DAP boycotts independent panel, wants Hanif removed

DAP boycotts independent panel, wants Hanif removed

May 12, 2012
Malaysian Insider
 
KUALA LUMPUR, May 12 — The DAP will boycott Putrajaya’s independent panel investigating the Bersih 3.0 violence as long as Tun Hanif Omar remains a member and chairman.

DAP secretary-general Lim Guan Eng (picture) said today Hanif’s presence on the panel was a “clearcut case of conflict of interest” as the former Inspector-General of Police had revealed his opposition towards Bersih.

“The question at hand is not whether he has been fair and impartial before or that he was the former IGP. The fatal flaw was that he had already taken a partisan stand against Bersih by claiming that communist sympathisers were involved,” he said in a statement.
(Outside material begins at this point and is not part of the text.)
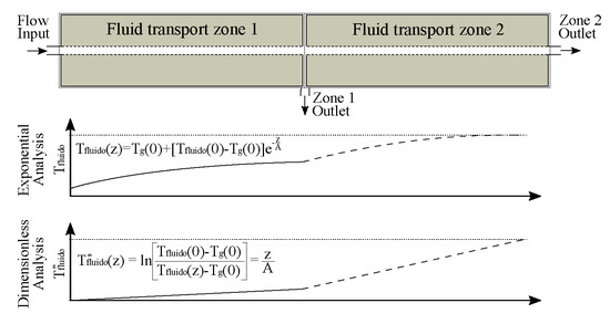 As shown in Figure 1b,c and observed in the oil-fields, in a thermal steady state operation, each flow rate into a transport zone generates a correspondent thermal profile in the fluid, in a one-to-one parity. There is a mathematical relationship between the thermal profile along the well and the flow distribution. Therefore, knowing the thermal profile function, the relationship can be used to derive the correspondent flow distribution [21,25]. From Figure 1, the flow rate generates a thermal profile in the injected fluid closer to the geothermal profile when compared to the flow .

The Penang chief minister stressed that by linking Bersih to communism, Hanif was fighting yesterday’s “long-concluded wars” and that the results of the probe were now a foregone conclusion.

“Following his perverse logic, then Malaysia should not have signed the peace agreement with the Communist Party of Malaya on December 2, 1989,” he said.

Lim said Hanif’s support of Prime Minister Datuk Seri Najib Razak’s allegation that the rally was an attempt to overthrow the government further jeopardised his impartiality.

“In actual fact, by making such wild allegations, he should be a potential witness to the investigation panel rather than be a member,” he said.

He said the panel would instead be better served by United Nations rapporteur Frank La Rue, who had offered to probe the matter, and his colleague Maina Kiai, as well as the National Human Rights Commission (Suhakam).

He added that DAP also agreed with the Malaysian Bar Council over the independent panel’s lack of legal framework and legal immunity.
“For these reasons and Hanif’s presence in the independent panel... have raised deep public concerns that the investigation will either be a whitewash of police brutality on peaceful demonstrators, a massive cover-up of the sufferings of the victims or a pretext to justify BN’s wild lies that Bersih 3.0 was a coup d’état attempt,” he said.

Yesterday, the Bar Council said the independent panel had no legal standing, adding that Hanif’s anti-Bersih stand should disqualify him from leading the probe.

Bersih similarly dismissed the panel, saying the team led by Hanif would be biased and “nothing more than a glorified task force.”

Najib had pledged last week that “credible, experienced and respectable” individuals would investigate the violence during Bersih’s third rally for free and fair elections that descended into chaos after police clashed with protestors.

But Bersih pointed out in a press statement yesterday that “no indication has been given by the government as to what law will regulate the establishment and functioning of this panel.”

Najib’s choice of the former Inspector-General of Police to head the panel came under immediate fire from the opposition and calls are growing for Hanif, who led the police for two decades since 1974, to recuse himself.

Chaos reigned on the streets of Kuala Lumpur for over four hours after 3pm on April 28 when police fired tear gas and water cannons and chased protesters down the streets to disperse what had initially been a peaceful protest calling for free and fair elections.